The book ends with Medraut carrying Lleu back to Camlan, where Lleu, in turn, invokes his power as High King to save Medraut from being punished as a traitor.

==Major themes==

The Winter Prince deals with a number of themes, most notably jealousy and the desire for greater responsibility, the two flaws which lead Medraut to kidnap Lleu.

===Jealousy===

In The Winter Prince, it's not greed or ambition that drives Medraut to vie for power with his half-brother—it's jealousy. Jealousy may seem like a petty reason to align oneself politically against one's father and brother, but jealousy, personal jealousy that has not a lot to do with one's career prospects or political ambition but more to do with being loved by one's parents, is an essential part of a sibling relationship. Wein's novel illustrates the way in which small slights slowly simmer into true anger over the course of years.

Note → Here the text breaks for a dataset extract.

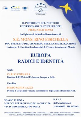 “Europa, radici e identità”: è il titolo della relazione che mons. Rino Fisichella, pro-prefetto del dicastero per la Evangelizzazione e organizzatore del Giubileo 2025, terrà mercoledì 28 giugno alle 17.30 presso lo “Spazio Europa” di “Europa, radici e identità” a Roma. L’iniziativa è dell’Istituto universitario di studi europei. Sono stati invitati membri del governo e parlamentari, giudici costituzionali e dirigenti pubblici, ambasciatori dei Paesi europei, esponenti del mondo dell’economia e del lavoro.
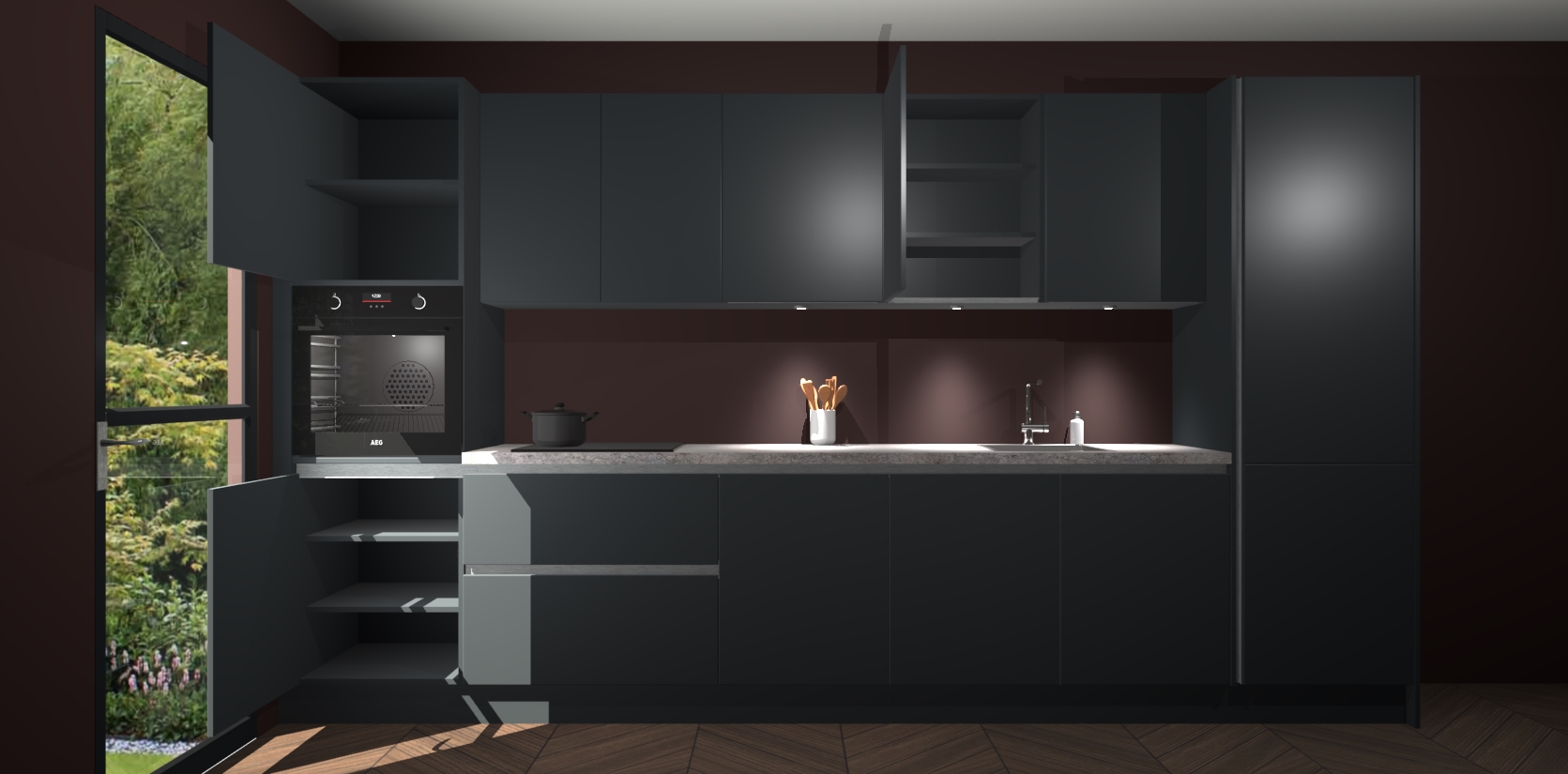 Dit is de perfecte keuken voor wie op zoek is naar een luxueuze stijl zonder zijn portemonnee te legen! Het chique ontwerp van de onyxgrijze greeploze keuken Wels voegt dat vleugje verfijning toe aan elk huis. Het gemak van voorgemonteerde kasten bespaart u talloze uren tijd en energie, zodat u veel sneller dan verwacht kunt beginnen te genieten van uw prachtige nieuwe keuken. Bovendien bedraagt de levertijd slechts 7 weken.

Not only does jealousy figure into the relationship between Medraut and his half-brother, but also into the relationship between Morgause, Queen of the Orcades, and her brother Artos, High King.

===Responsibility===

In Wein's Camlan, there are many ways to distinguish oneself—one could of course go the traditional route and be an excellent swordsman, but one could also be an excellent hunter, rider, mapmaker, diplomat, farmer, or engineer. All of the above trades are portrayed as more or less equally valuable. In The Winter Prince, a high premium is placed on non-military engineering, mapmaking, or translation as skills that a good ruler should value highly. Medraut's desire for greater responsibility—portrayed in the story as a genuine desire, not a transparent grab for power—often manifests itself in these less exalted ways; Medraut manages to distinguish himself as an expert botanist and healer, and a competent miner.

The members of King Arthur's court, on the whole, are quite cosmopolitan, within the bounds of their technology and medieval time period. They know Africa exists; they know of the Romans, who bequeathed to them technological advances like the aqueduct and the arch. They're not ignorant of Greek myth, or of Christianity—which exists in tandem with the native religions of Britain. However, Medraut himself is well-travelled and his grasp of the world encompasses not only Britain and the Orcades, but other nations and other cultures as well. It is implied that, as ambassador to Africa, Medraut was given far more responsibility than he is given in Camlan, where, as Artos' illegitimate son and possible contender for the throne, he finds that people are more reluctant to trust him.